- **Dataset items**
============================================================
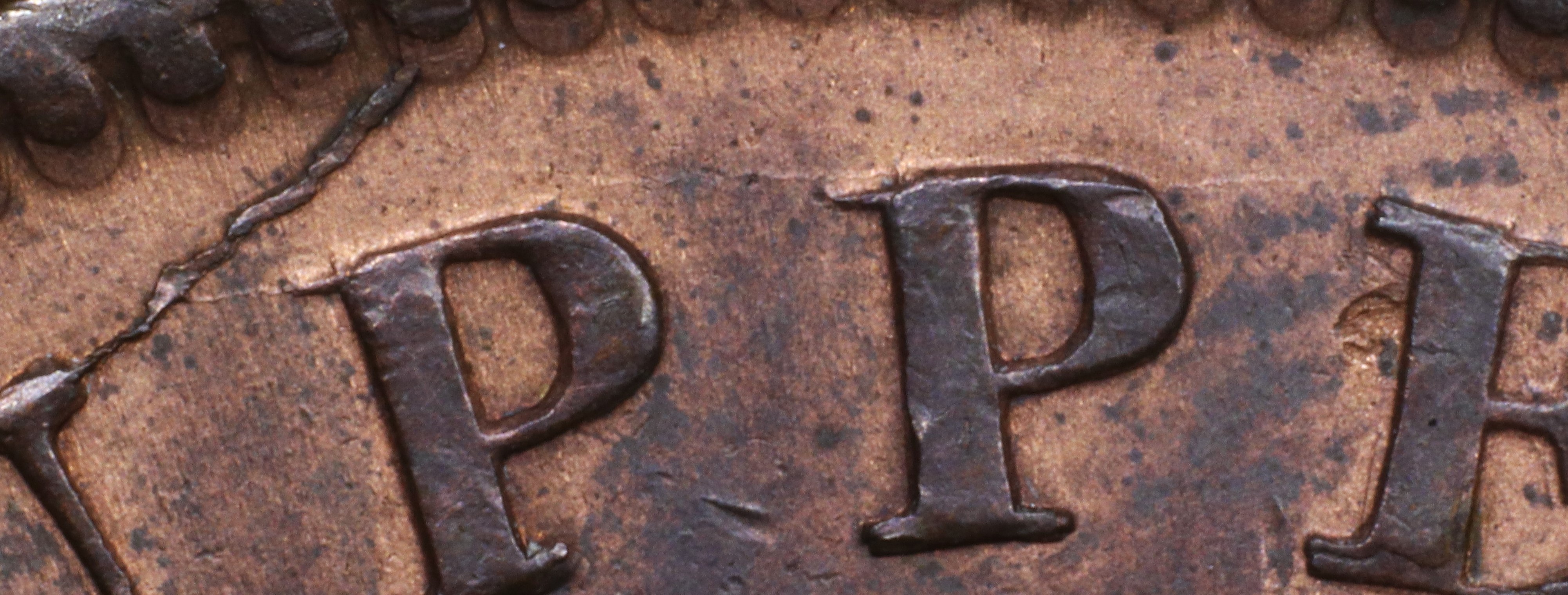 In UPPER the Ps are repunched in slightly lower relief in a new font slightly tapering upper left serifs (in the original font they were parallel). The serifs of the new font show because they had broken off the original.
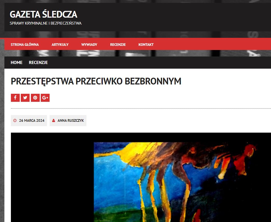 To fragment recenzji książki “Przypadki kryminalne. Ciemna liczba przestępstw przeciwko bezbronnym” zamieszczonej w Gazetasledcza.pl – link – https://gazetasledcza.pl/2024/03/wiktymologia/
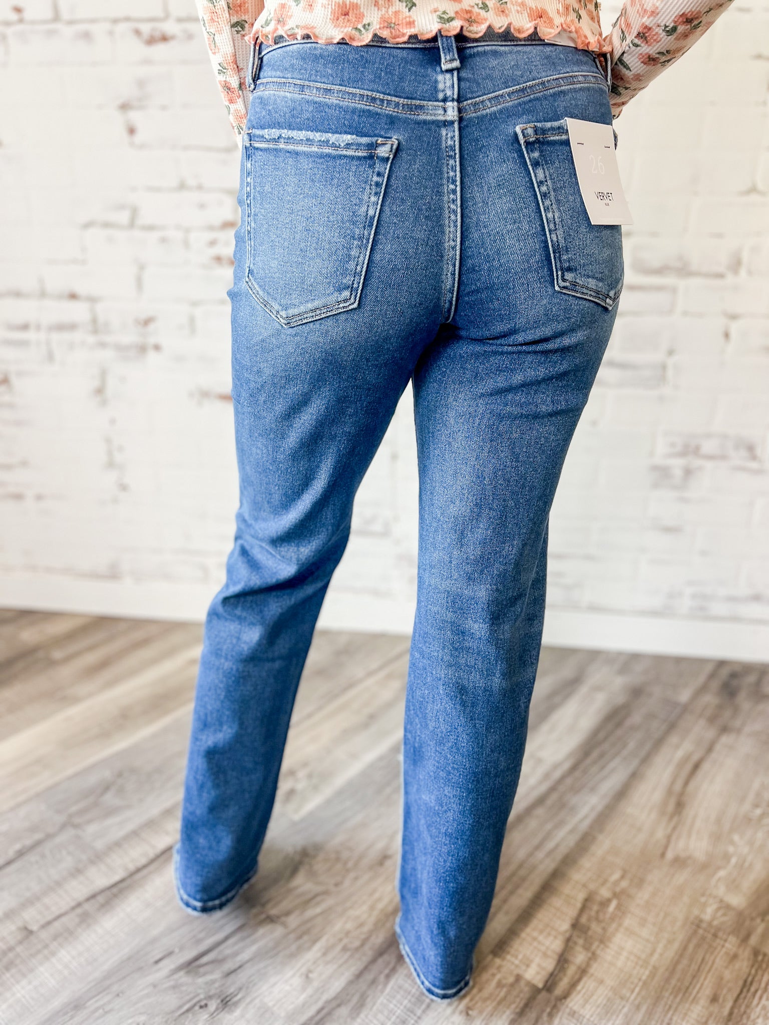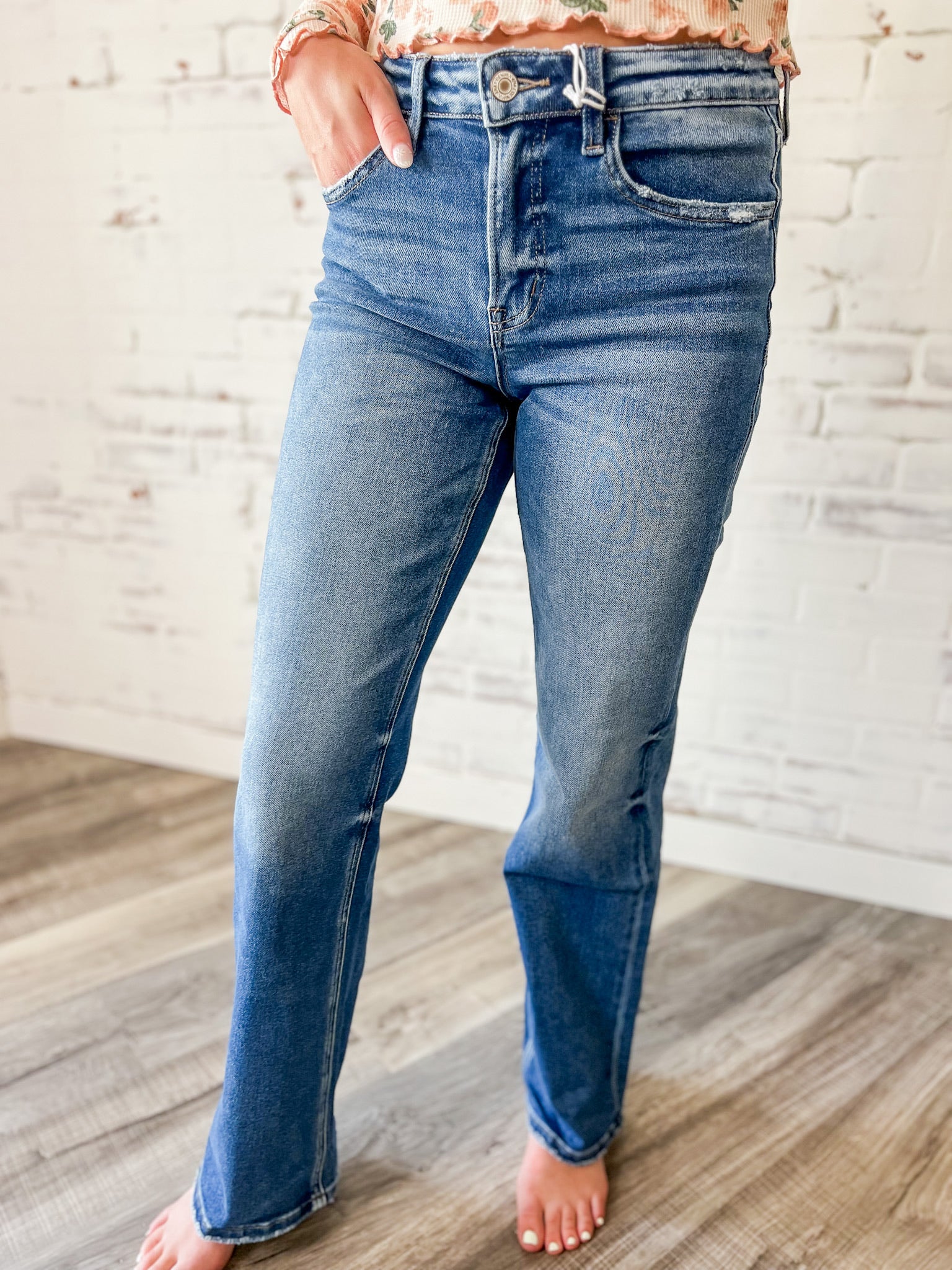 Timeless, versatile, and always flattering. These high-rise straight leg jeans are the denim you’ll reach for again and again. The medium wash makes them easy to dress up or down, while the comfy stretch keeps you moving all day.
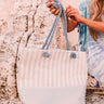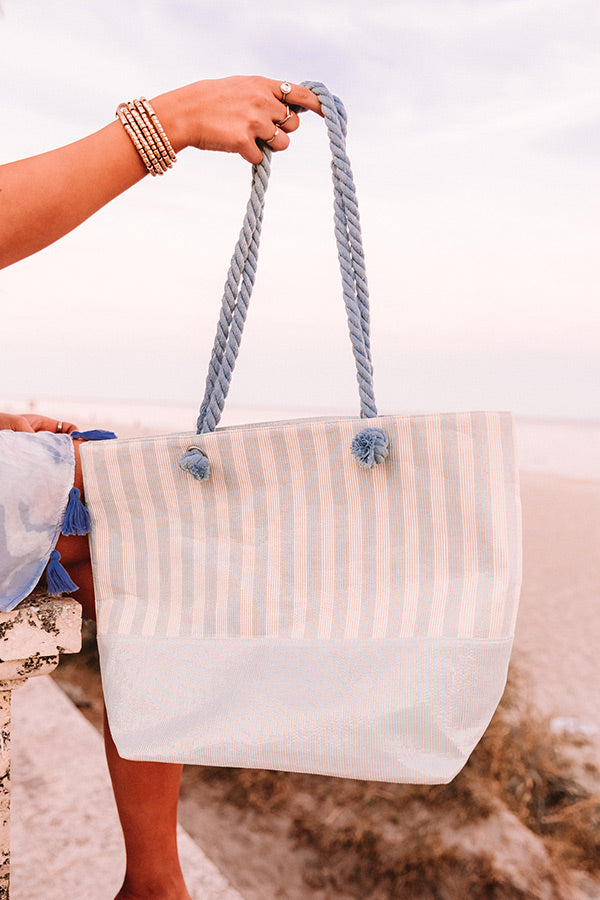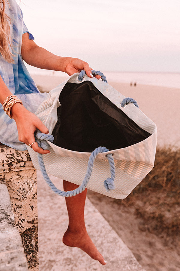 Get vacay ready with our summer approved 'Pretty Shores Tote' featuring chic canvas material with subtle light blue vertical accent stripes, two twisted rope tote handles, and spacious but lightweight silhouette with an additional inside pocket!
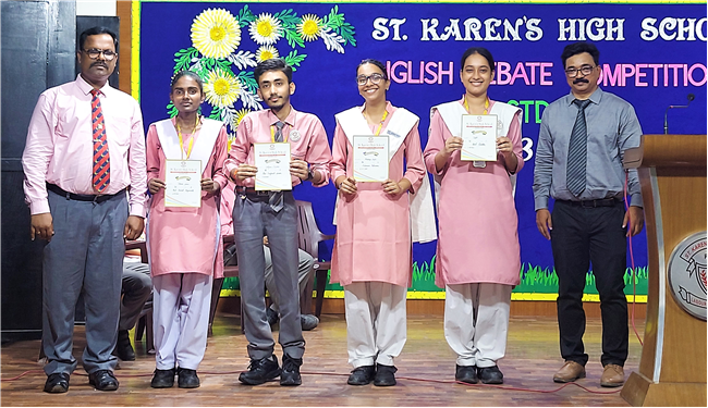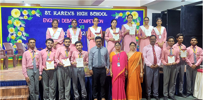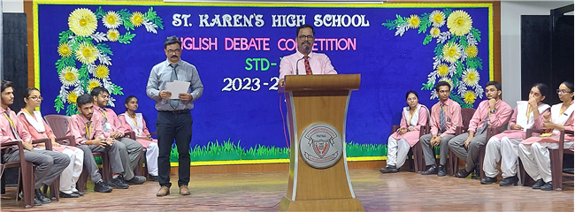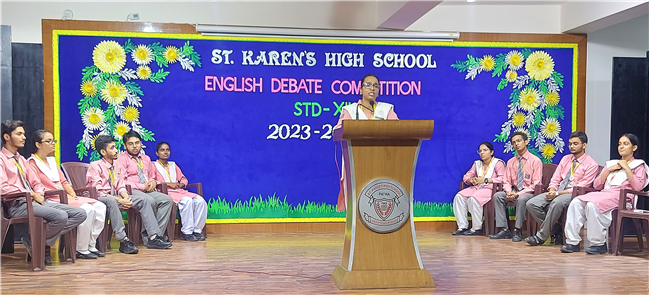 Description: St. Karen's High School hosted a debate competition on August 8, 2023, exploring the topic - 'Community service is a better punishment than prison for non-violent crimes.' The event showcased students' debating skills and critical thinking. Students of class XII presented their arguments for and against the topic. The proposition argued that community service promotes rehabilitation and reintegration, while the opposition emphasized the deterrence and structured rehabilitation aspects of prison. The participants were evaluated on their content, delivery, research, and rebuttal skills. The debate competition encouraged thoughtful discourse on the merits of community service and prison for non-violent crimes. It demonstrated the school's commitment to fostering well-rounded individuals.
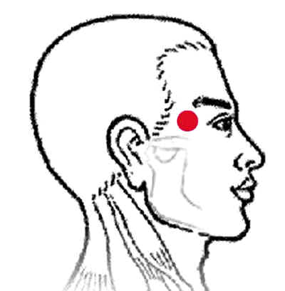 圖②按揉太陽穴,刮上眼眶
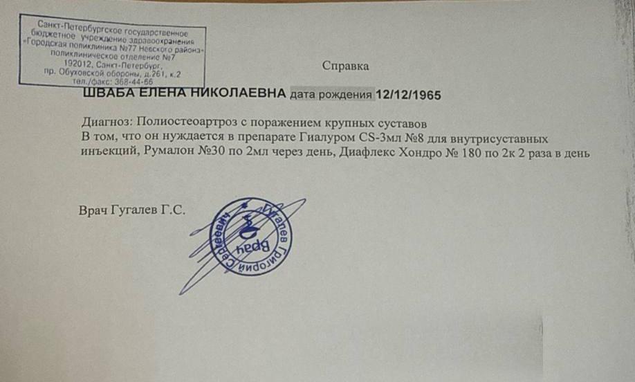 У Елены Николаевны — тяжелый полиостеоартроз, однако замена суставов ей не рекомендована, так как состояние сердца и сосудов оставляет желать лучшего. К тому же за ней просто некому ухаживать в период длительной реабилитации. Лечащий врач назначил курсовое лечение внутрисуставными инъекциями — это вернет суставам подвижность и значительно уменьшит болевой синдром.
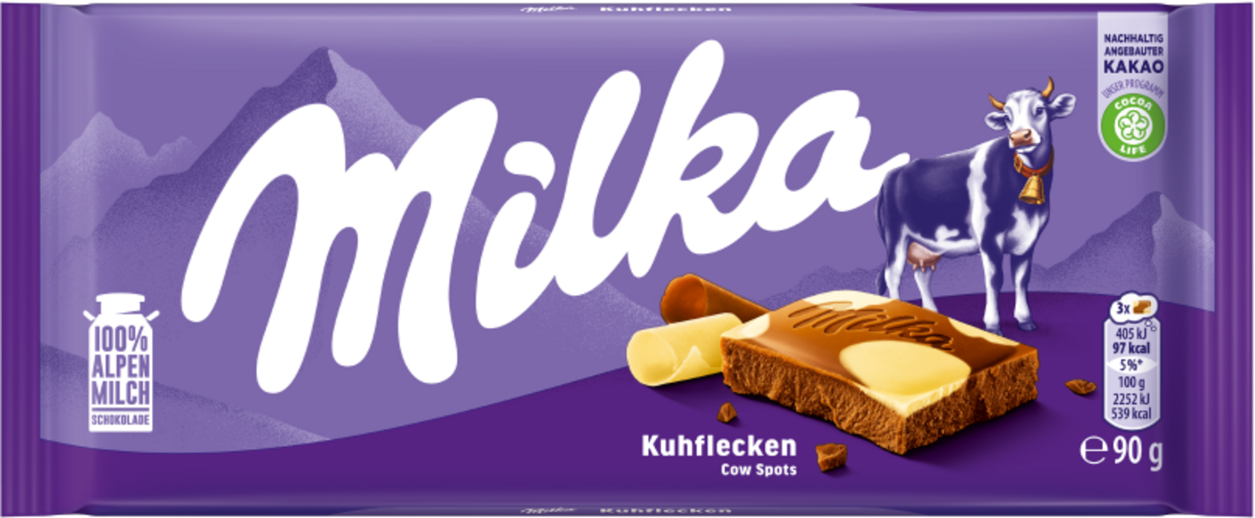 Tender milk chocolate or aromatic, sweet white chocolate? The Milka Happy Cows chocolate bar saves you from having to make this difficult choice! The creamy, melting alpine milk chocolate with cute spots of white chocolate simply combines both. The cute design mimicking Alpine cows is particularly popular with children.
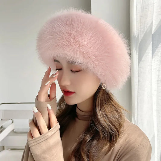 HT4003 Fur Hat Women Warm Snow Ski Cap Female Faux Fox Fur Bomber Hat Lady Windproof Winter Hats for Women Russian Hat Ushanka
============================================================
- **TASK GOAL**
Please give back every line above exactly as it stands, without pictures.

- **RESULT OF THE TASK**
 In UPPER the Ps are repunched in slightly lower relief in a new font slightly tapering upper left serifs (in the original font they were parallel). The serifs of the new font show because they had broken off the original.
 To fragment recenzji książki “Przypadki kryminalne. Ciemna liczba przestępstw przeciwko bezbronnym” zamieszczonej w Gazetasledcza.pl – link – https://gazetasledcza.pl/2024/03/wiktymologia/
 Timeless, versatile, and always flattering. These high-rise straight leg jeans are the denim you’ll reach for again and again. The medium wash makes them easy to dress up or down, while the comfy stretch keeps you moving all day.
 Get vacay ready with our summer approved 'Pretty Shores Tote' featuring chic canvas material with subtle light blue vertical accent stripes, two twisted rope tote handles, and spacious but lightweight silhouette with an additional inside pocket!
 Description: St. Karen's High School hosted a debate competition on August 8, 2023, exploring the topic - 'Community service is a better punishment than prison for non-violent crimes.' The event showcased students' debating skills and critical thinking. Students of class XII presented their arguments for and against the topic. The proposition argued that community service promotes rehabilitation and reintegration, while the opposition emphasized the deterrence and structured rehabilitation aspects of prison. The participants were evaluated on their content, delivery, research, and rebuttal skills. The debate competition encouraged thoughtful discourse on the merits of community service and prison for non-violent crimes. It demonstrated the school's commitment to fostering well-rounded individuals.
 圖②按揉太陽穴,刮上眼眶
 У Елены Николаевны — тяжелый полиостеоартроз, однако замена суставов ей не рекомендована, так как состояние сердца и сосудов оставляет желать лучшего. К тому же за ней просто некому ухаживать в период длительной реабилитации. Лечащий врач назначил курсовое лечение внутрисуставными инъекциями — это вернет суставам подвижность и значительно уменьшит болевой синдром.
 Tender milk chocolate or aromatic, sweet white chocolate? The Milka Happy Cows chocolate bar saves you from having to make this difficult choice! The creamy, melting alpine milk chocolate with cute spots of white chocolate simply combines both. The cute design mimicking Alpine cows is particularly popular with children.
 HT4003 Fur Hat Women Warm Snow Ski Cap Female Faux Fox Fur Bomber Hat Lady Windproof Winter Hats for Women Russian Hat Ushanka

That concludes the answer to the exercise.